Activity:
Your task is to print all of the entries exactly, though the pictures should not be included.

Supplied records:
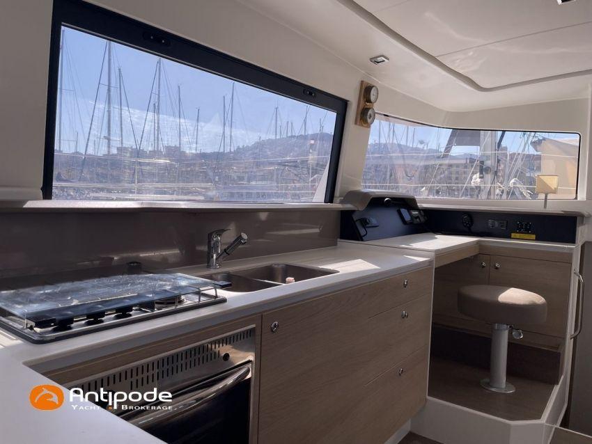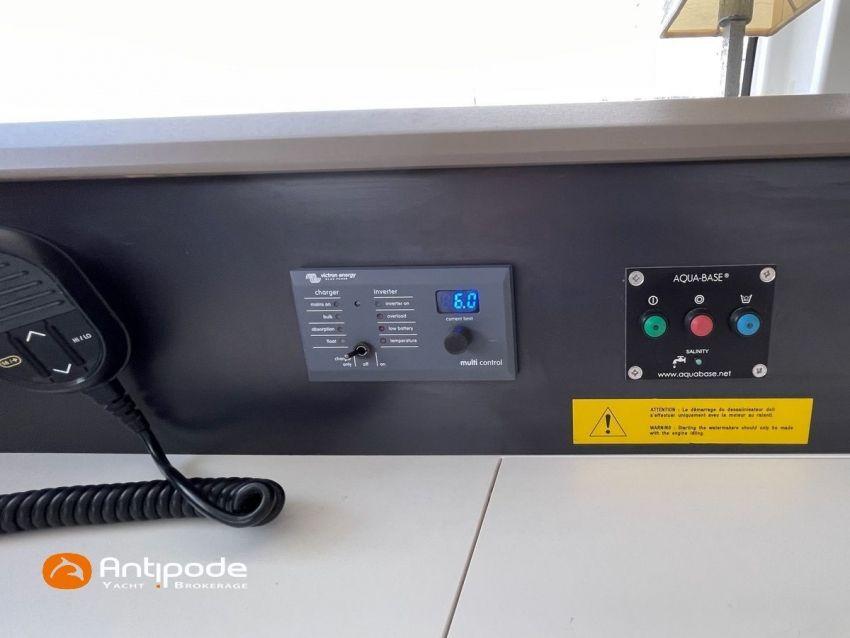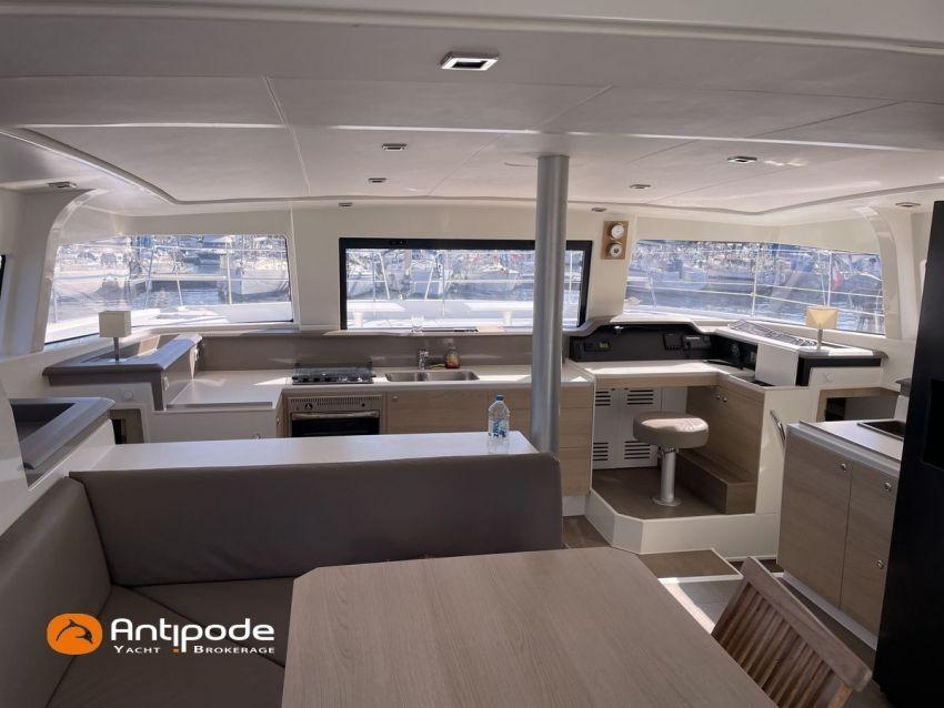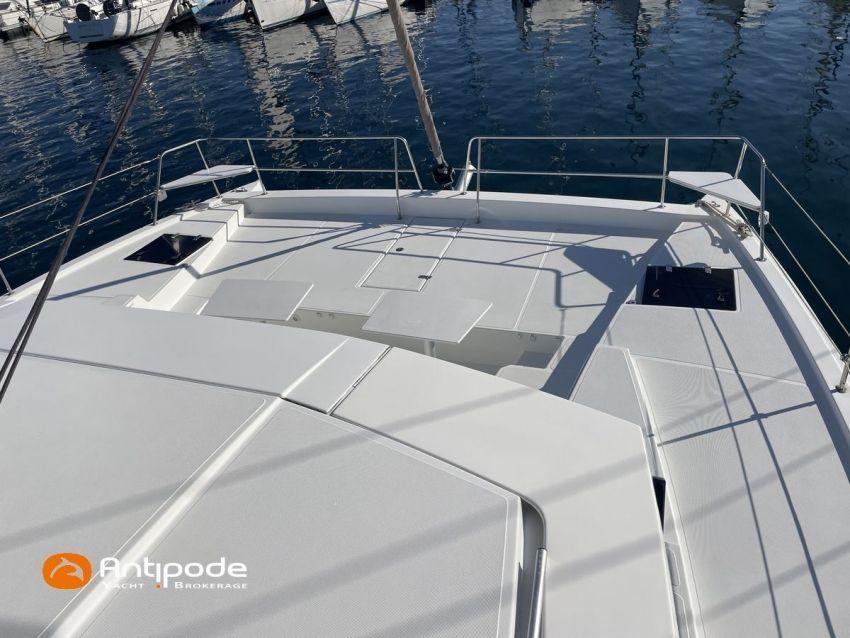 BALI 4.3, 2018, first hand, 2 X Volvo D2-60 F, 2 x 60 hp Version Excellence, Power aft cockpit opening door system, Separation sallon/ forward cockpit : Retractable window, Interior layout version 4 cabins, 3 heads (toilets + shower), Saloon table convertible in double bed, 1 electric manoeuvring winch, Cockpit extension with pivoting plateform, Davits for dinghy, Saloon and cockpit seats with storages, 2 forward cockpit removable tables, Plastic protection for aft transom hulls, 2 extra mooring cleats, Electric windlass - 1000 W, Flying bridge bimini top, Full enclosure for helmman station, Forward cockpit sun bathing mastresses, Flying bridge sun bathing mastresses, Full batten main sail - Dacron, Furling jib - Dacron, Raymarine in board autopilot - P 70 S, Navigation system - Raymarine Multi I 70 S, GPS and chartplotter (helmman station) - Raymarine AXIOM 7, Electronic navigation charts, VHF at chart table - Raymarine, FUSION sound system + 4 speakers, Distress beacon, Fridge unit and freezer (front opening door) - 615 l, Battery charger & Inverter - VICTRON 70 amp - 2000 W, 2 extra service batteries 110 amp, 5 X 12 v sockets, cabins and chart table, Battery controller, Watermaker 12 V - 60 l/ h AQUABASE, Electric toilets X 4 (fresh water), 6 cabins vents, Hot and cold cockpit shower, Sea water foot pump, Leds navigation lights, Courtesy lights forward cockpit, Liferaft 12 man, Dinghy - PLASTIMO 270 V, Outboard engine 5 hp, Located Mediterranean. Price VAT PAID. For more information or to make an appointment for a visit, contact : Jérôme Le Joubioux +33 6 07 45 71 73 - jerome@antipode-yachts.com
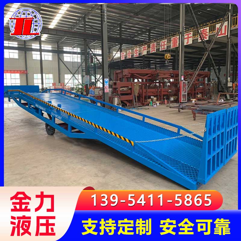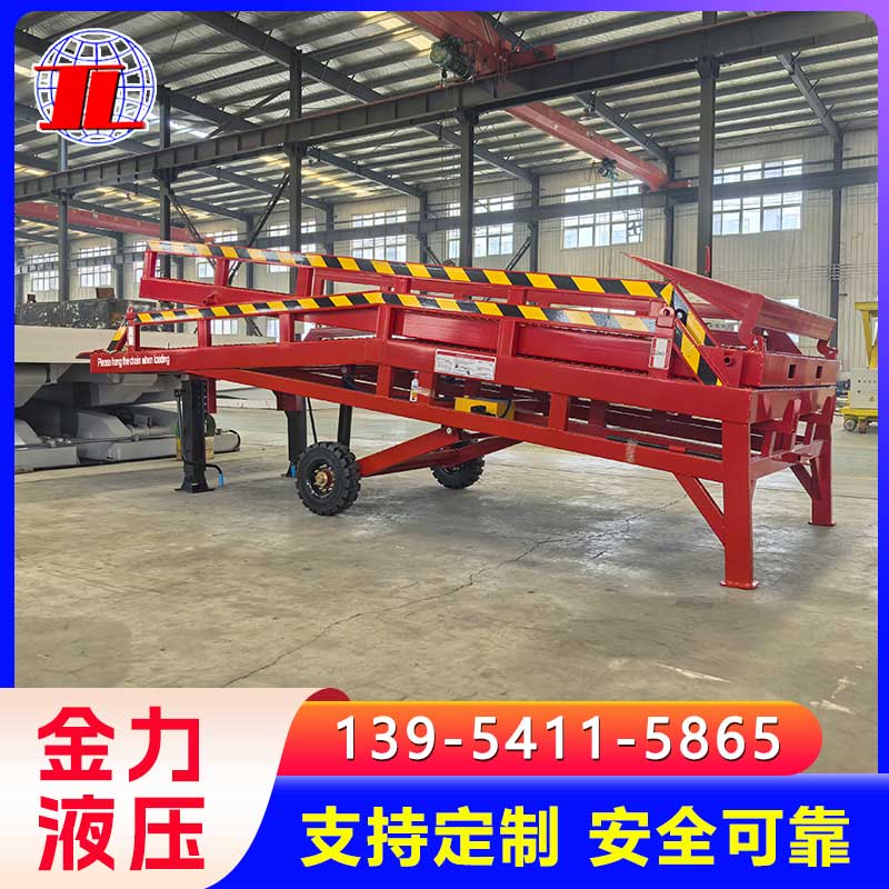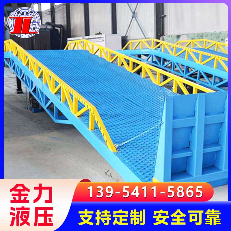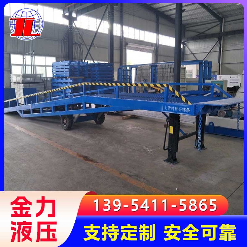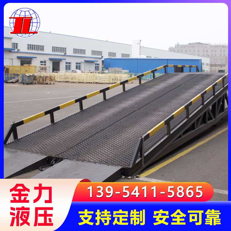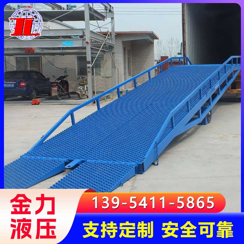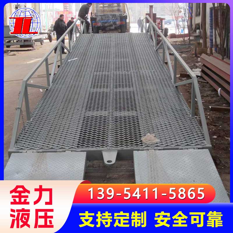 移动式登车桥广泛用于无装卸设备的货台及流动装卸场所,是与叉车配合使用的货物装卸辅助设备。借助移动式登车桥,叉车能直接驶入汽车集装箱内部进行批量装卸作业。只需单人操作,不需动力电源,即可实现货物的安全快速装卸
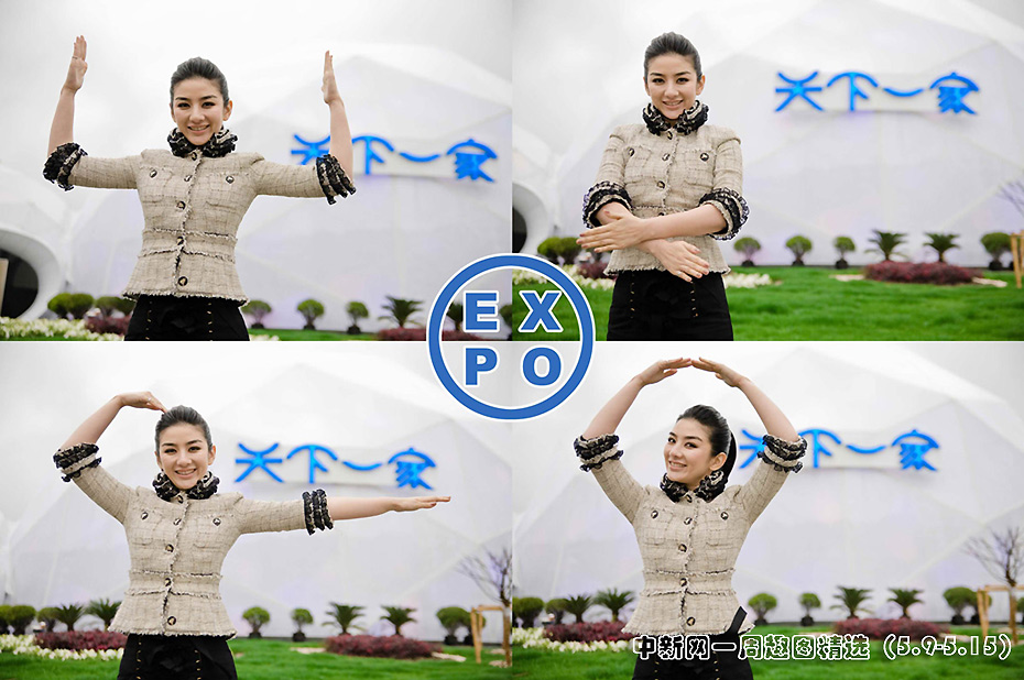 日前上海女孩黃奕來到世博館“天下一家”未來館門口拍攝一組手勢大片,身體力行教大家如何演繹EXPO的含義。圖片來源:中國新聞網(wǎng)>>點擊觀看詳細(xì)內(nèi)容
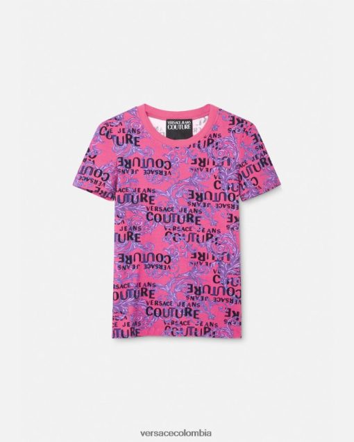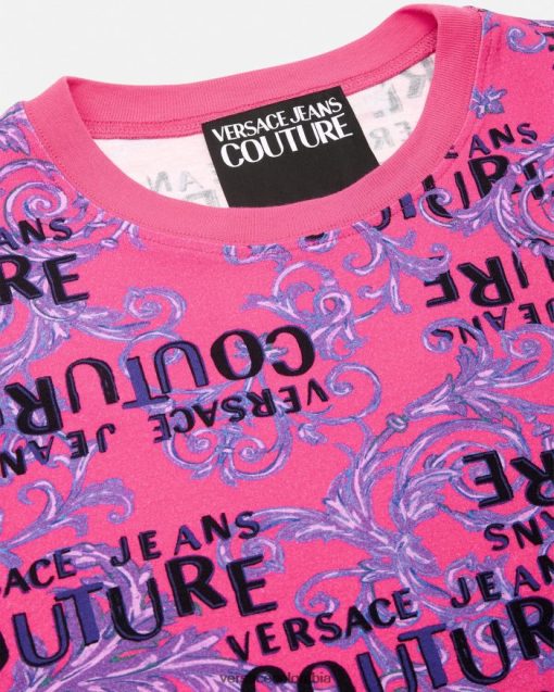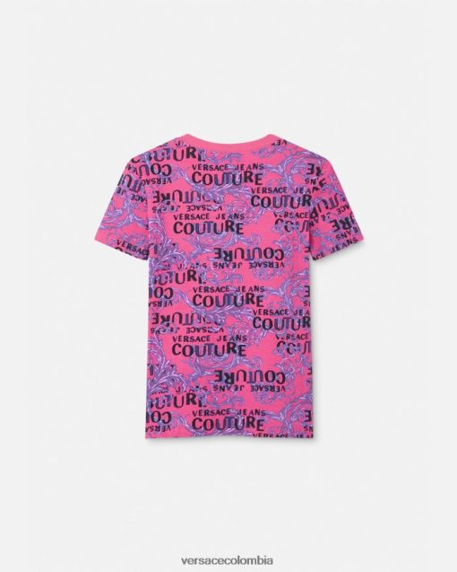 Esta camiseta de manga corta de algodón de corte entallado presenta un logotipo de alta costura estampado por toda la prenda.
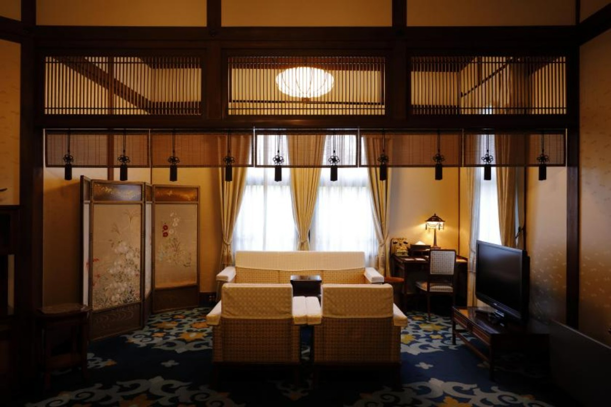 館内随所の調度品が明治の時を思い起こさせ、その雰囲気はまるで美術館に泊まるよう。
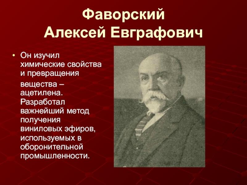 – ацетилена. Разработал важнейший метод получения виниловых эфиров, используемых в оборонительной промышленности.
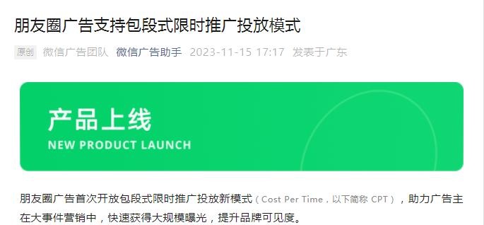 11月15日消息,微信近日宣布朋友圈廣告首次開放包段式限時推廣投放新模式(Cost Per Time,以下簡稱CPT),助力廣告主在大事件營銷中,快速獲得大規(guī)模曝光,提升品牌可見度。圖注:微信近日宣布朋友圈廣告開放包段式限時推廣投放新模式(CPT)圖源:微信廣告助手據(jù)介紹,…
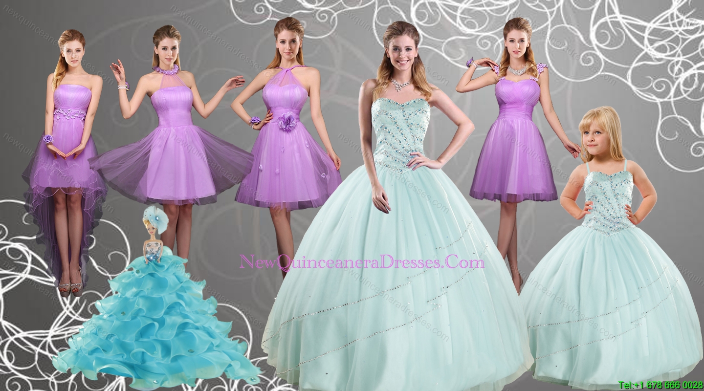 Cheap Sweetheart Beading Quinceanera Dress and Lilac Short Prom Dresses and Apple Green Spaghetti Straps Beading Pageant Dresses for Little Girl
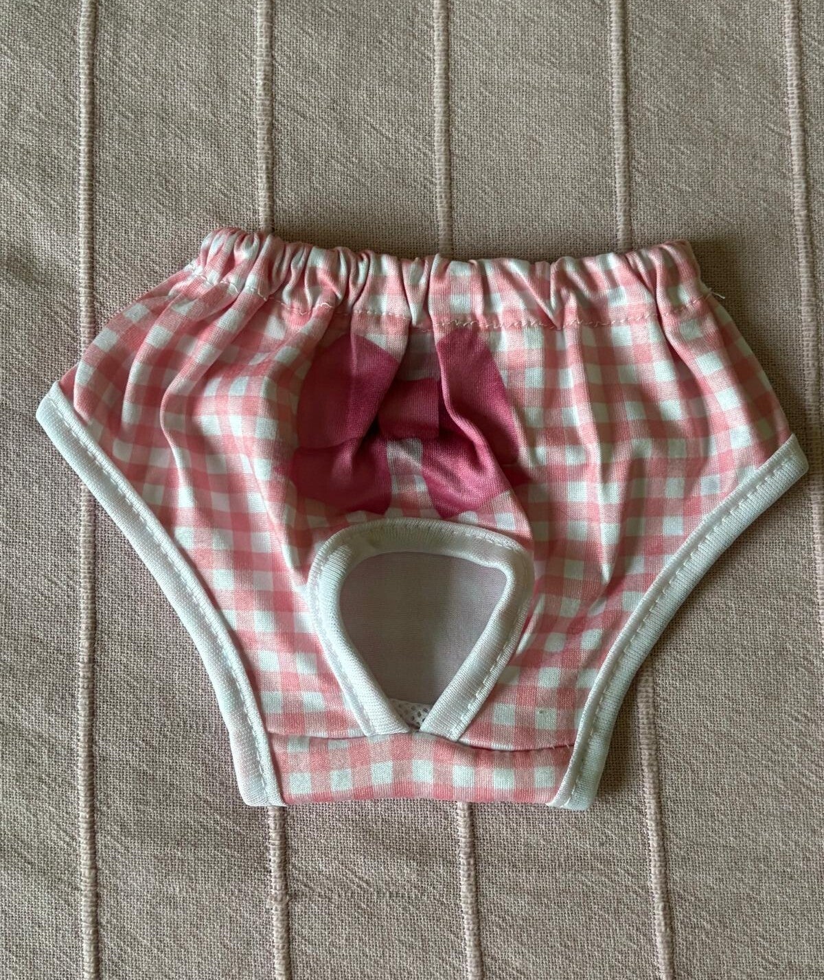 Braguita de cuadros rosa con lazo fucsia.
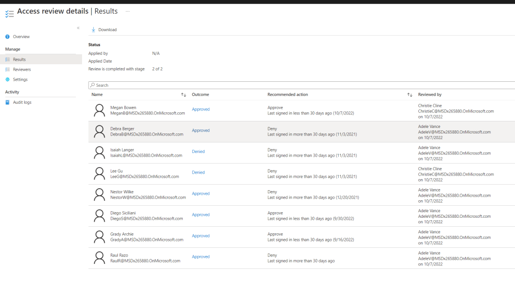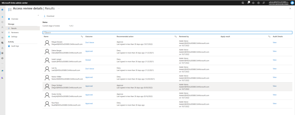 They can see that in the previous stage Adele selected “Don’t know” for 2 of them, which are the ones this approver gets to review. So, this is where the auditor would step in to make that final decision and therefore prevent any reviewees that were neither approved, nor denied.
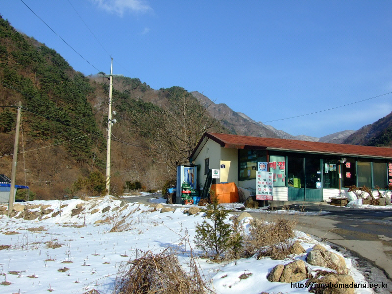 아래 사진은 비로봉식당으로 도로는 그 건물 좌측으로 계속 이어지고 끝에는 을전 통제소가 있다. 하지만 지금은 비로봉으로 가야하므로 반드시 식당을 보고 우측에 산길(등산로)를 이용해야 한다.

Answer box:
 BALI 4.3, 2018, first hand, 2 X Volvo D2-60 F, 2 x 60 hp Version Excellence, Power aft cockpit opening door system, Separation sallon/ forward cockpit : Retractable window, Interior layout version 4 cabins, 3 heads (toilets + shower), Saloon table convertible in double bed, 1 electric manoeuvring winch, Cockpit extension with pivoting plateform, Davits for dinghy, Saloon and cockpit seats with storages, 2 forward cockpit removable tables, Plastic protection for aft transom hulls, 2 extra mooring cleats, Electric windlass - 1000 W, Flying bridge bimini top, Full enclosure for helmman station, Forward cockpit sun bathing mastresses, Flying bridge sun bathing mastresses, Full batten main sail - Dacron, Furling jib - Dacron, Raymarine in board autopilot - P 70 S, Navigation system - Raymarine Multi I 70 S, GPS and chartplotter (helmman station) - Raymarine AXIOM 7, Electronic navigation charts, VHF at chart table - Raymarine, FUSION sound system + 4 speakers, Distress beacon, Fridge unit and freezer (front opening door) - 615 l, Battery charger & Inverter - VICTRON 70 amp - 2000 W, 2 extra service batteries 110 amp, 5 X 12 v sockets, cabins and chart table, Battery controller, Watermaker 12 V - 60 l/ h AQUABASE, Electric toilets X 4 (fresh water), 6 cabins vents, Hot and cold cockpit shower, Sea water foot pump, Leds navigation lights, Courtesy lights forward cockpit, Liferaft 12 man, Dinghy - PLASTIMO 270 V, Outboard engine 5 hp, Located Mediterranean. Price VAT PAID. For more information or to make an appointment for a visit, contact : Jérôme Le Joubioux +33 6 07 45 71 73 - jerome@antipode-yachts.com
 移动式登车桥广泛用于无装卸设备的货台及流动装卸场所,是与叉车配合使用的货物装卸辅助设备。借助移动式登车桥,叉车能直接驶入汽车集装箱内部进行批量装卸作业。只需单人操作,不需动力电源,即可实现货物的安全快速装卸
 日前上海女孩黃奕來到世博館“天下一家”未來館門口拍攝一組手勢大片,身體力行教大家如何演繹EXPO的含義。圖片來源:中國新聞網(wǎng)>>點擊觀看詳細(xì)內(nèi)容
 Esta camiseta de manga corta de algodón de corte entallado presenta un logotipo de alta costura estampado por toda la prenda.
 館内随所の調度品が明治の時を思い起こさせ、その雰囲気はまるで美術館に泊まるよう。
 – ацетилена. Разработал важнейший метод получения виниловых эфиров, используемых в оборонительной промышленности.
 11月15日消息,微信近日宣布朋友圈廣告首次開放包段式限時推廣投放新模式(Cost Per Time,以下簡稱CPT),助力廣告主在大事件營銷中,快速獲得大規(guī)模曝光,提升品牌可見度。圖注:微信近日宣布朋友圈廣告開放包段式限時推廣投放新模式(CPT)圖源:微信廣告助手據(jù)介紹,…
 Cheap Sweetheart Beading Quinceanera Dress and Lilac Short Prom Dresses and Apple Green Spaghetti Straps Beading Pageant Dresses for Little Girl
 Braguita de cuadros rosa con lazo fucsia.
 They can see that in the previous stage Adele selected “Don’t know” for 2 of them, which are the ones this approver gets to review. So, this is where the auditor would step in to make that final decision and therefore prevent any reviewees that were neither approved, nor denied.
 아래 사진은 비로봉식당으로 도로는 그 건물 좌측으로 계속 이어지고 끝에는 을전 통제소가 있다. 하지만 지금은 비로봉으로 가야하므로 반드시 식당을 보고 우측에 산길(등산로)를 이용해야 한다.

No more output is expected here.